The principle: as model capability increases, reduce prompt verbosity. Find the smallest set of high-signal tokens that maximize the likelihood of the desired outcome.

Tool Description Best Practices

The Choice Overload Problem

Tool hallucinations come in two forms: function selection errors (calling non-existent or wrong tools) and parameter hallucination (fabricating input values). The root cause is often choice overload — presenting all tool descriptions in every prompt. At 31 tools, descriptions alone consume approximately 4,500 tokens per query with measurable accuracy degradation.

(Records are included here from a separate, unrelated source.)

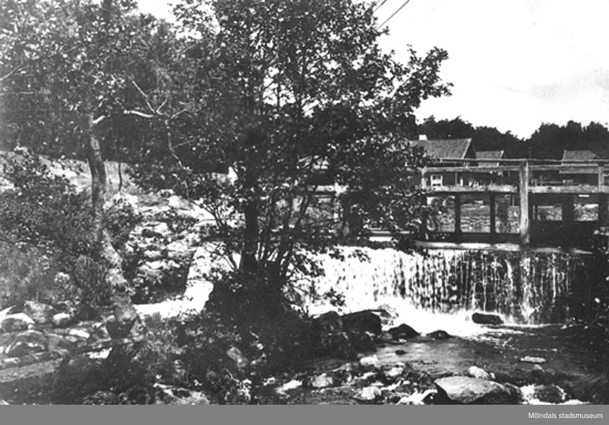 Fördämning och fall vid Lindomeån på 1920-talet. De nya bostäderna som kom efter "Byggningen".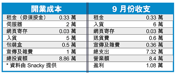 港人愛吃零食,從事資訊科技工作的林松堅,3個月前夥拍兩名好友,開設網上零食店「Snacky」,專門銷售各式各樣的日本零食,希望在零食市場分杯羹,結果開業2個月便做到收支平衡,每月定單持續上升,成功的主因,是推出貨到收錢的付款形式,打破客人不放心於網上付款的心理關口。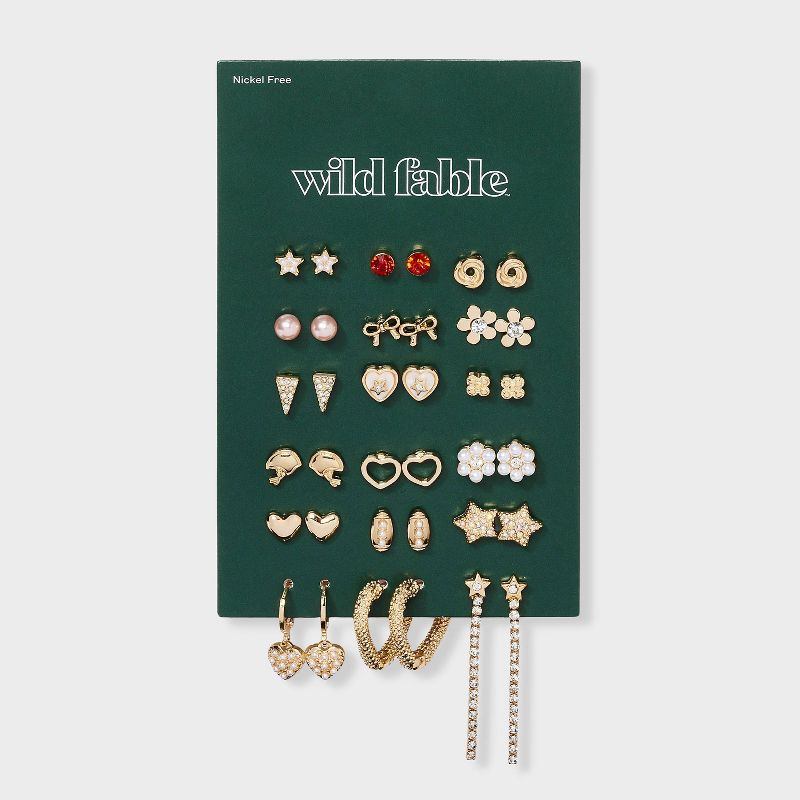 Heart Star and Flower Earring Set 18pc - Wild Fable™ Gold/White/Red

Engineering Tool Descriptions

Practice	Rationale
State purpose, constraints, and side effects explicitly	Vague descriptions force the model to guess behavior
One clear domain per tool	Multi-purpose tools create ambiguous selection signals
Disclose side effects upfront	Hidden consequences lead to misuse
Strong typed input schemas with ranges and patterns	Ambiguous inputs drive parameter hallucination
Include usage guidance and follow-up steps	Reduces mid-task confusion

The primary test: if a human engineer cannot definitively say which tool to use in a given situation, an AI agent cannot be expected to do better.

Semantic Tool Filtering

Production systems should filter tools before the agent sees them — use vector similarity against the current query to load only relevant tool definitions. This is the same principle as the on-demand skill loading architecture: do not pay the context cost for tools the agent will not need in the current step.

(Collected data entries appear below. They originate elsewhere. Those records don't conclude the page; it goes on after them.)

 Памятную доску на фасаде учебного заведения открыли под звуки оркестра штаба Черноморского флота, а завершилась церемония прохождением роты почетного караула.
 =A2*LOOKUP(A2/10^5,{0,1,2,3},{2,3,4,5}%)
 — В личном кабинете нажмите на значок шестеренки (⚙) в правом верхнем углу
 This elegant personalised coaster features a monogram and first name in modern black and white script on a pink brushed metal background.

MCP Tool Description Standards

MCP standardizes tool descriptions across providers. Tools declare side effects via readOnlyHint and destructiveHint annotations. Critical security note: treat tool description annotations as untrusted unless from a verified server — descriptions themselves are an injection vector.

{
  "name": "specific_verb_noun",
  "description": "Clear purpose. Constraints. Side effects. Usage guidance.",
  "inputSchema": { "type": "object", "properties": {}, "required": [] },
  "annotations": { "readOnlyHint": true, "destructiveHint": false }
}

Instruction Hierarchy and Priority

The Formal Model

Without explicit hierarchy, LLMs treat all inputs equally — enabling injection through any channel.

Priority 0  — System messages (application developer)
Priority 10 — User messages (end user)
Priority 30 — Tool output (web results, API responses, third-party content)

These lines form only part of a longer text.